Resta-nos, apenas, vaga suspeita a propósito. Até porque, nunca
sabemos em que mãos nosso poema irá cair. E dependendo de qual,
tanto pode gerar profunda empatia, como ser fator até de ridículo
para nós.
Na
verdade, a citação de Cesare Pavese, que mencionei acima, deixa
isso implícito. O que o escritor italiano escreveu tinha um
complemento, que não mencionei antes.
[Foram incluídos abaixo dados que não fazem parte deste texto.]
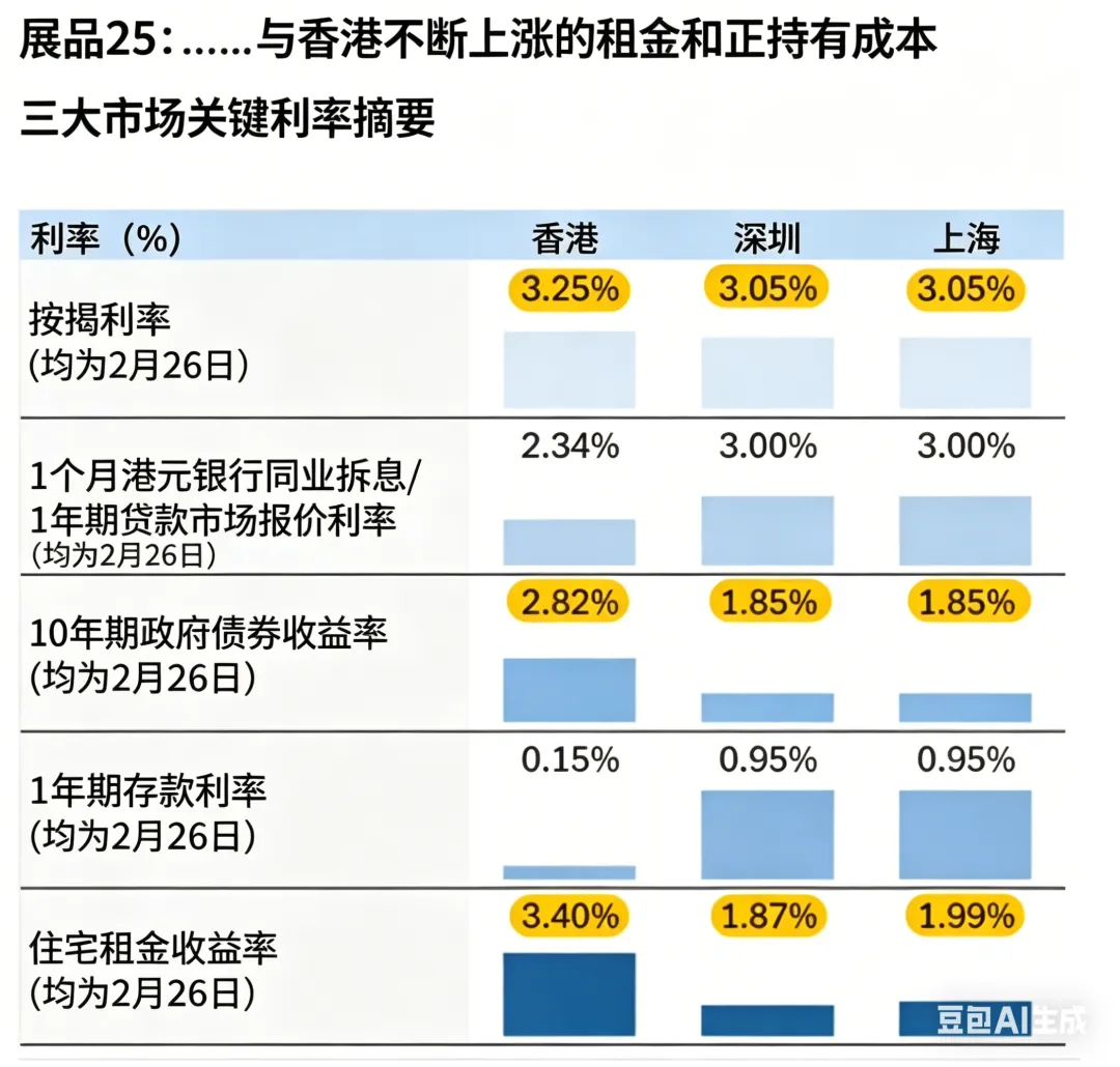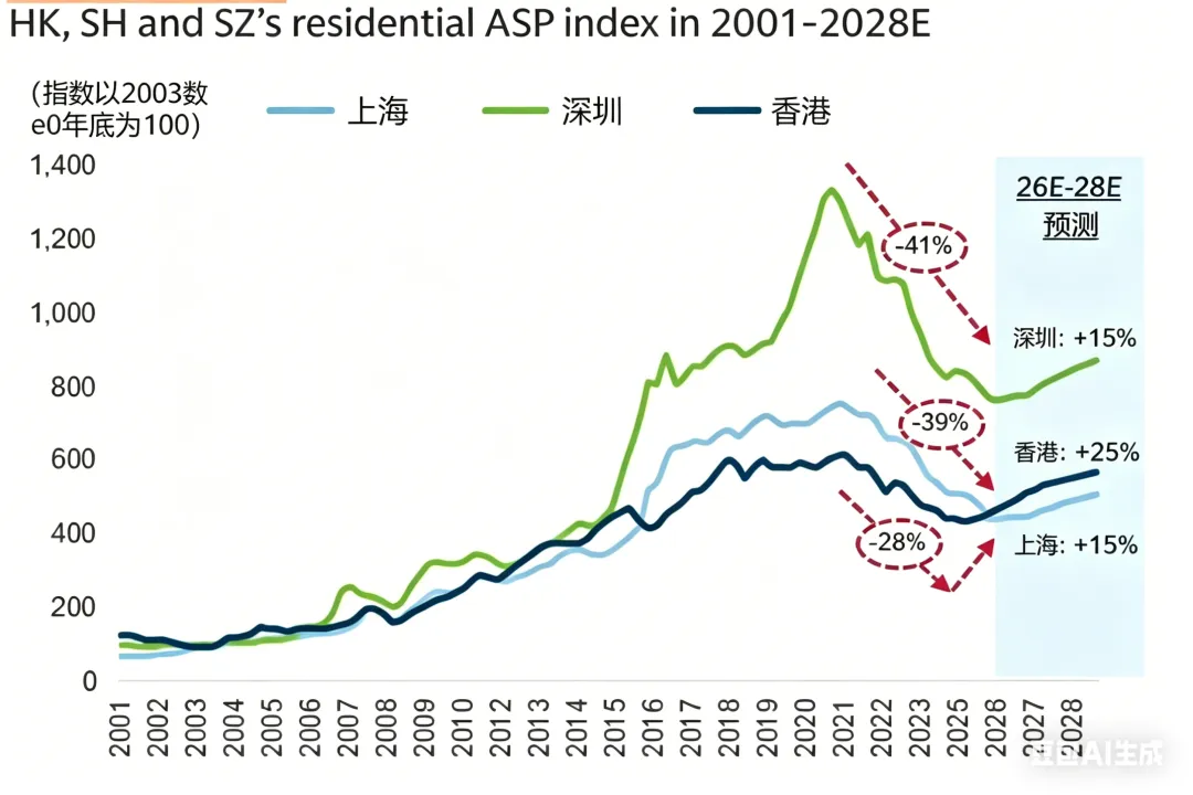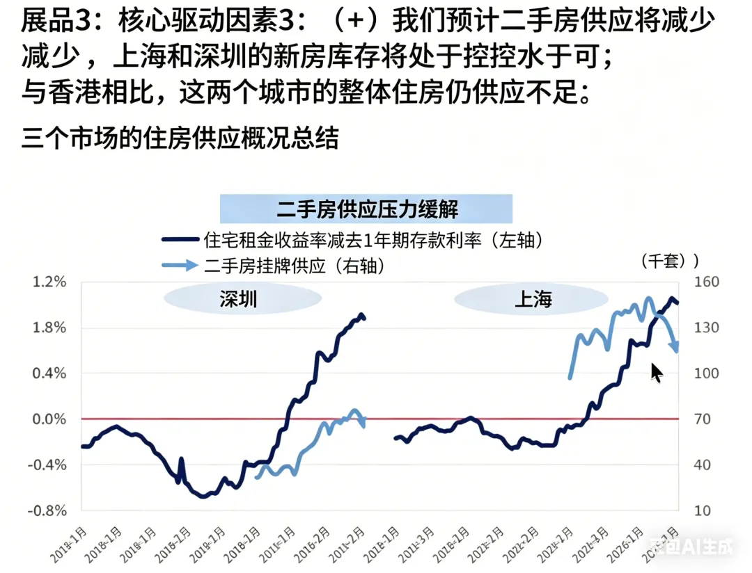 报告显示,当前上海和深圳的租金回报率大幅跑赢一年期定存利率,根据美国历史上的二手房挂牌经验,两者差值越大,即租金回报率越高于定存利率,二手房挂牌量越小,很多房东会选择持有房产,由售转租。库存方面,包含已出让未开发土地、已开发未售房源的广义库存去化周期,香港约为5年,深圳约为4年,上海约为6年,三地基本持平。狭义库存层面,深圳新房去化周期约为10个月,二手房去化周期约为14个月;上海新房去化周期约为17个月,二手房去化周期约为6个月。套户比方面,香港套户比为1.1,即房屋总量比常住家庭户数多10%,深圳套户比仅为0.6,上海为0.8,意味着两地居住需求仍未被满足。在四项逻辑之外,高盛地产团队还叠加了资本市场财富效应的支撑:香港恒生指数长期领先于香港房价走势,每次恒生指数上涨后,都会带来财富效应,当地居民金融资产增值后,资金会溢出到房地产市场,推高房价。上海和深圳分别拥有上交所和深交所,两地居民金融资产占比较高,按照同样的逻辑,若资本市场上行带来财富效应,也将有助于两地房价提前企稳回升。综合以上因素,高盛地产团队得出上海、深圳房价将在2026年四季度触底,2025-2028年累计上涨15%,报告的荐股部分提出,华润、金茂、中海、绿城等在上海、深圳拥有较多土地储备和项目储备的房企,股价将跟随房价企稳回升,复刻香港房价复苏后港资地产股上涨的逻辑——此前香港房价触底回升后,当地房企股价已经上涨65%,而当前国内房企股价累计下跌17%,具备上涨空间。需要注意的是,报告中并未给出15%涨幅的具体量化测算逻辑,该涨幅数据无明确推导过程。

Literalmente, escreveu o
seguinte: “Fazer poesia é como fazer amor: nunca se saberá se a
própria alegria é compartilhada”.
Eureka!
Está aí a chave que faltava para abrir o cadeado do entendimento!
Por maior que seja a satisfação proporcionada pela redação de
versos que aparentem ser perfeitos, sempre restará uma pontinha de
dúvida em nosso espírito quanto aos efeitos que causarão e,
portanto, um gosto amargo de frustração. Se formos hipersensíveis,
o desgosto será intenso. Se autoconfiantes e seguros da nossa
capacidade, será tão pequeno a ponto de se tornar imperceptível.
Não
raro fazemos amor com determinada mulher que em tudo nos agrada.
Deliramos quando em seus braços e somos conduzidos, em êxtase, ao
paraíso. Suas reações são, em tudo, no sentido de nos dar a
certeza da reciprocidade.
Acreditamos,
pois, que nossa alegria e gozos são compartilhados. Lá um belo dia,
porém... descobrimos que a tal da reciprocidade era uma farsa. Que a
parceira a que julgávamos satisfazer plenamente “fingia”
orgasmos, que nos pareciam tão reais, mas que sequer existiam.
Todos? Algum? Qual? Fica a dúvida.
Num
piscar de olhos, nossa autoconfiança e picardia vão para o espaço.
Nessas circunstâncias, inclusive, não são raros os casos de
irreversível impotência. O mesmo ocorre (guardadas as proporções,
claro) com o poeta quando não encontra reciprocidade do leitor. Às
vezes torna-se impotente, posto que espiritualmente. Cruz credo!